Thursday, August 14, 2014

Review: "Turbulence" by Jia Pingwa


I will fully admit that I picked up the novel Turbulence by Chinese author Jia Pingwa, an author who I have never heard off strictly because the translator was Howard Goldblatt, the Notre Dame professor who has translated every book that Nobel Laureate Mo Yan has published in English. I love Mo Yan, and the fact that I read so much I have translators that I am fans with, but that love does not extend to Pingwa’s novel, which is dull and boring despite a good opening a few grisly scenes of violence. It is hard for me to actually picture anyone having any knowledge of this book, let alone wanting to read who isn’t majoring in any kind of facet of Chinese culture or if you are taking one of Mr. Goldblatt’s classes up north from where I live. It has a cool beginning, where Golden Dog, one of the story’s two main narrators, shows up under mysterious circumstances at the bank of the Zhou River. There he meets an old man named Han, and a female named Water Girl, who is the other main focus of the novel. These two entities are stuck in the middle of a war between two clans who want to exploit the river and it’s resources.

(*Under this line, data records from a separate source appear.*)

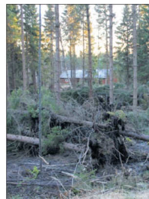
Stora skador. Fallna träd vid Tynglaxvägen på Kimitoön.

Skogsindustrin har under årets lopp informerat om produktionsbegränsningar som är på väg att leda till att hundratals anställda blir permitterade.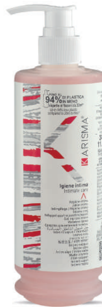
KRIG340D - 340 ml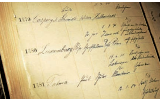
El llibre de registres mèdics de l'hospital Charité de Berlín.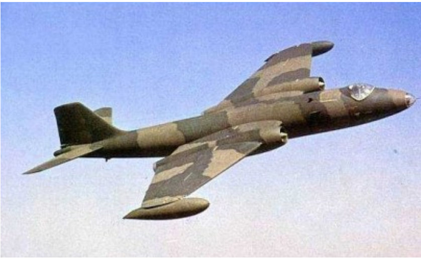
Excelente toma de un Canberra RRAF no identificado desprovisto de toda insignia y marca.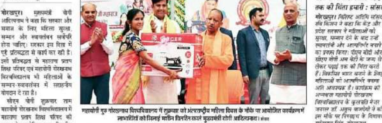
महायोगी गुरु गोरखनाथ विध्यालय में मुख्यमंत्री को अंतरराष्ट्रीय महिला दिवस के मौके पर प्रथमोक्ति कार्यक्रम में सिलाई मशीन प्रदान करने में महिलाओं को सौंपने पर सिलाई मशीन दिनांक।

महायोगी गोरखनाथ विध्यालय में महिलाओं को मुख्यमंत्री ने दिया सिलाई मशीन का उपहार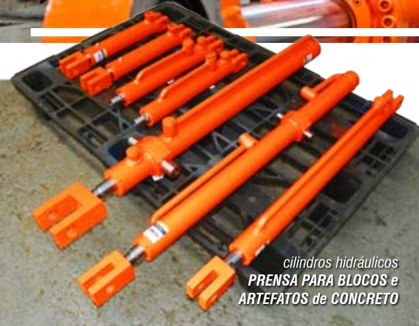
cilindros hidráulicos PRENSA PARA BLOCOS e ARTEFATOS de CONCRETO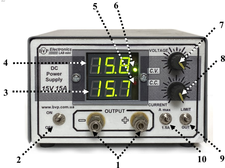
Рис. 2. Расположение органов управления на передней панели источника питания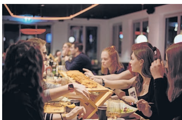
Neues, starkes Gruppenerlebnis.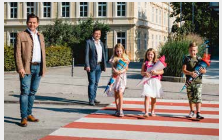
Bürgermeister Pfeffer und Stadtrat Rauscher freuen sich mit den Kindern über den Schulstart und wünschen eine schöne und vor allem gesunde Schulzeit.

■ Die Schule hat wieder begonnen, bitte achten Sie vor allem vor den Schulen, aber auch generell im Straßenverkehr auf unsere jüngsten Verkehrsteilnehmer.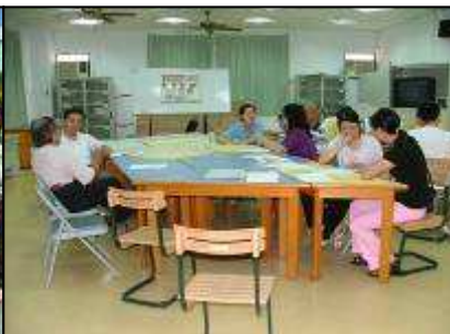
期初召開 IEP 會議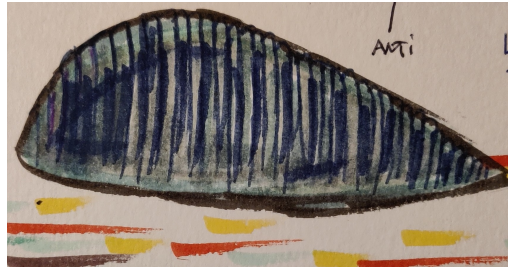
L'Avorton de Fenrir (Détail)

Fenrir abandonna un avorton de son engeance.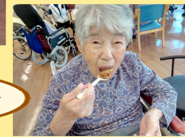
いらっしゃいませ～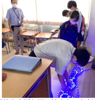
「花泉支所」様の協力をいただきながら、12月に行うイルミネーションの実施方法について考察するグループ。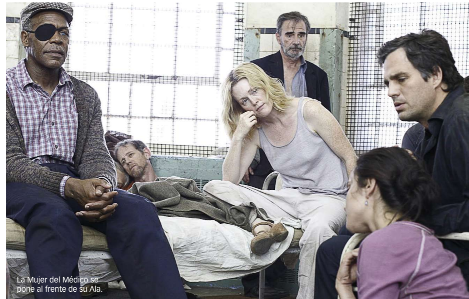
La Mujer del Médico se pone al frente de su Ala.

diendo su poder y deja de ser el hombre seguro. Por eso necesitará mostrar su masculinidad. Al final de la película mira a su mujer con otros ojos.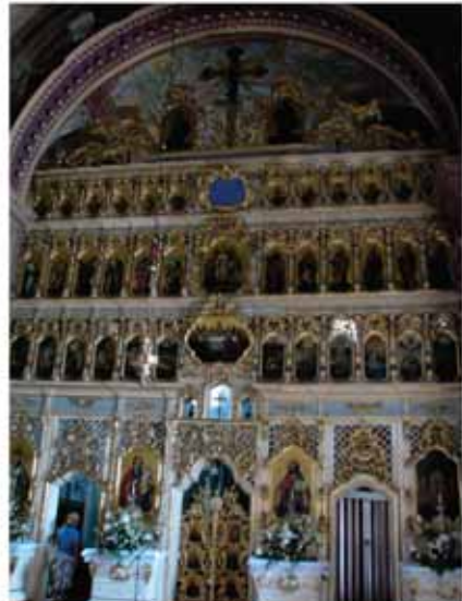
7. ábra: a katedrális belseje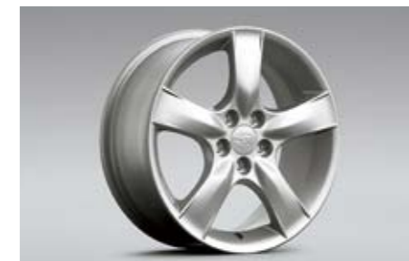
22 Alufelge 6,5 x 16\", ET 55 28111FE311 ★ W Nabenkappe zusätzlich notwendig.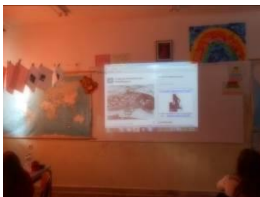
Εικόνα 5: Πρώτη πολιορκία Μεσολογγίου

Από το 4 ο Φύλλο Εργασίας , πραγματοποιήθηκαν οι τρεις πρώτες δραστηριότητες που αναφέρονται στην πρώτη πολιορκία του Μεσολογγίου (αρχείο: «Φύλλα Εργασίας»). Η 4 η και η 5 η εξαιρέθηκαν γιατί εξετάζουν το θέμα της αγριότητας των Ελλήνων το οποίο είναι αυτονόητο ότι υπάρχει σε έναν πόλεμο. Επιπλέον, θεωρήθηκε ότι η εκτενής και αρκετά απαιτητική ως προς το γνωστικό επίπεδο ομιλία του Λιαντίνη που προτείνει ο συγγραφέας, δεν θα γινόταν κατανοητή σε αυτή την ηλικία.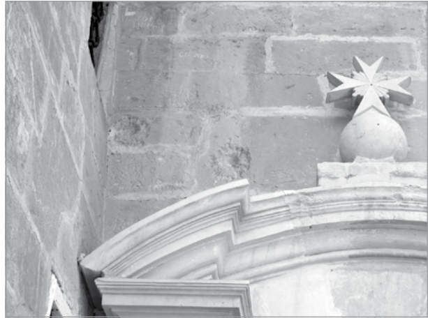
Żewġ marki tal-balal 20mm fuq il-kappella tal-Palazz. Dawn ġew sparati minn ME 109. Balla oħra laqtet il-pittura ġol-kappella.

Jista' ikun li rapport li sar nhar 24 ta' Marzu, 1942, li fil-Palazz ta' Selmun u fil-kappella kienu

It sounds interesting, but after a daring rescue of one of the clan’s high ranking family members, it slowly becomes a drag to read, with too much history and not enough drama, with the kind of prose and paragraphs that can dry the mouths of even the most patient of readers. I found some of the passages pertaining to a suicide to be very jarring, with the description of rats eating the man’s toes and blood seeping through his socks to be very effective, but at 500 pages, it is hard to see anyone enjoying this book on even that level.